6. Child Development and Ninth-Plan Working Children (Child Labor)

I. To enforce the ongoing legal (The Child Labour (Prohibition and Regulation) Act, 1986 and other remedial cum rehabilitative measures to eliminate child labour not only by strengthening various instruments that prevent/combat the problem of child labour but also ensuring their effective implementation.

II. To organize suitable functional literacy/vocational training programmes and recreational facilities after working hours for the overall development of the working children.

Child Sex Workers (Child Prostitution)

I. To contain the social evil of child prostitution, action will be initiated to bring forth specific amendments in the Immoral Traffic (Prevention) Act, 1956 (as amended in 1986) with stringent punishment for those involved in it.

II. To introduce a rehabilitation package for those weaned out/withdrawn from the profession not only to keep them away from profession but also to keep them tied with alternative developmental avenues.

Street Children

I. To curb the growing problem of Street Children, the Juvenile Justice Act, 1986 will be enforced more effectively.

II. Special priority to non-institutional services so as to restore the children either back to their own families or place them with foster families.

III. Non-institutional services for those who are des­titute, parentless or whose parents are suffering from infectious/communicable diseases.

7. Five-Year Plan Objectives and Strategies


I. To place the young child at the top of the country’s developmental agenda with a special focus on the Girl Child.

II. To reaffirm its priority for the development of early childhood services as an investment in country’s Human Resource Development.


I. To institute a National Charter for Children en­suring that no child remains illiterate, hungry or lacks medical care.

II. Acknowledge that the first six years is crucial for the development of children.
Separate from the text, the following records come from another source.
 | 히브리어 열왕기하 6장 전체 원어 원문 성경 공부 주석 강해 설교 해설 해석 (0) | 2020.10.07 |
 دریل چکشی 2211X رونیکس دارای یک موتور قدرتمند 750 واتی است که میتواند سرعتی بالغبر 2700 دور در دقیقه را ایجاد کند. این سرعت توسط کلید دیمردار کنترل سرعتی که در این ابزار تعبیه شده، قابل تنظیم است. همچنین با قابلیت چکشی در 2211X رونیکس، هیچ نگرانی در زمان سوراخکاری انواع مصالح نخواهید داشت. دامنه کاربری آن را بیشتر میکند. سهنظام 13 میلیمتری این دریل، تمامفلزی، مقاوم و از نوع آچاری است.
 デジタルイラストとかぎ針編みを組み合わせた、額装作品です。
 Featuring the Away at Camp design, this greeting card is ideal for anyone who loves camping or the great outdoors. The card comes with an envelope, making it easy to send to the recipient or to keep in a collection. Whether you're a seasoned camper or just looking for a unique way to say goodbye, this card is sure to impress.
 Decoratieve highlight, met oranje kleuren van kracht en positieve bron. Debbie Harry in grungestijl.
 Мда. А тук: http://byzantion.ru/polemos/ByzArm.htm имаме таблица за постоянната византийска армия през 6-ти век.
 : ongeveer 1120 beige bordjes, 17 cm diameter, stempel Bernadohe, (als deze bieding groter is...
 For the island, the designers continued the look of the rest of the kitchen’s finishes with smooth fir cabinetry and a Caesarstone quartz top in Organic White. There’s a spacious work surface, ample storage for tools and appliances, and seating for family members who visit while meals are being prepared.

Therefore greater stress will be laid on reaching the young children below two years.

III. To arrest the declining sex ratio and curb its related problems of female foeticide and female infanticide and thus ensure “survival, protection and development of children”.
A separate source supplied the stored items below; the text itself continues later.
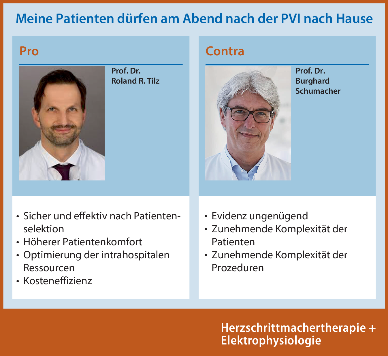 Vor dem Hintergrund der Optimierung finanzieller Ressourcen sowie mit Blick auf die Bedürfnisse einiger Patienten wird das Konzept des „same-day discharge“ nach Pulmonalvenenisolation (PVI) kontrovers diskutiert. Angesichts sehr unterschiedlicher Ablationsprozeduren, Begleiterkrankungen und Patientencharakteristika scheint eine generelle Empfehlung für oder wider eine stationäre Nachbeobachtung problematisch. Vielmehr steht die Frage im Vordergrund, bei welchen Patienten eine PVI sicher und effizient ambulant durchführbar ist und welche Patienten tatsächlich von einer stationären Behandlung profitieren. Hierzu sind sowohl prozedurale als auch patientenspezifische Kriterien von Bedeutung. Selbstverständlich gilt es auch strukturelle Voraussetzungen zu erfüllen. Die Entscheidung, ob eine PVI ambulant durchführbar ist, sollte schlussendlich weiterhin beim behandelnden Arzt liegen und gemeinsam mit dem Patienten getroffen werden.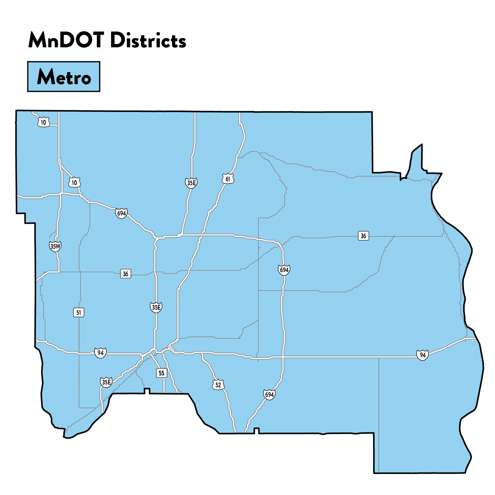 Congressional District 4 covers almost all of Ramsey County and about a portion of Washington County. It is located entirely within MnDOT Metro District. Interstate highways I-94, I-694, I-35W and I-35E pass through the district.
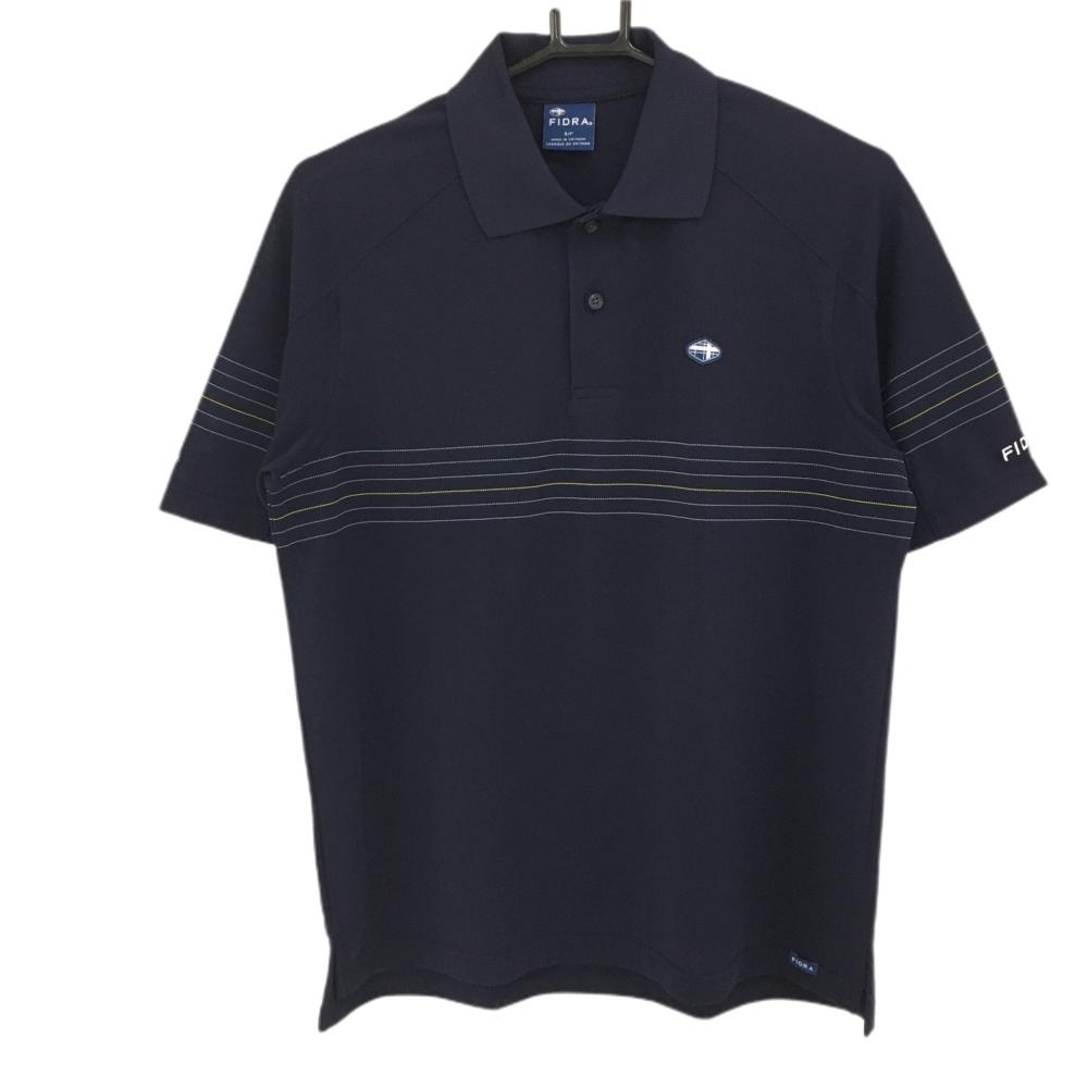 【美品】フィドラ 半袖ポロシャツ ネイビー×ダークネイビー 総柄 胸元ワッペン レディース M ゴルフウェア FIDRA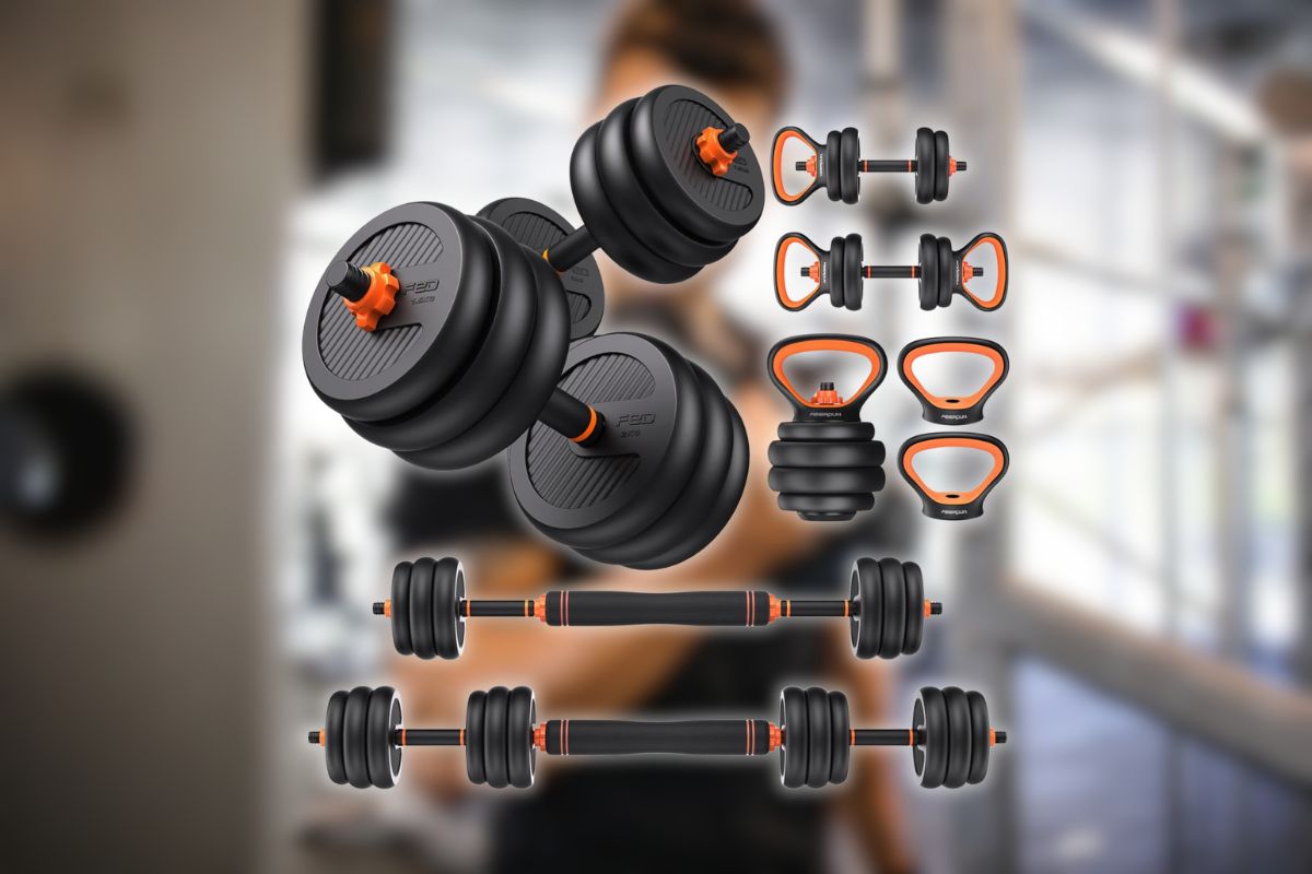 Transform home workouts with FEIERDUN Adjustable Dumbbells, a 4-in-1 fitness system offering dumbbells, barbell, kettlebells, and push-up stands.

IV. To bring down the IMR below 60 and CMR below 10 by 2002 A.D.

V. To universalize the Nutrition Supplementary Feed­ing Programmes to fill the existing gaps in respect of both pre-school and school-children and expect­ant and nursing mothers with a special focus on the girl child and the adolescent girl.

VI. To universalize ICDS as the main-stay of NinthPlan for promoting the overall development of the young children especially the girl child and the mothers all over the country.

VII. To give special thrust on health, nutrition and education.

VIII. To develop linkages between the primary schools and of the child care services to promote educational opportunities for the girl child.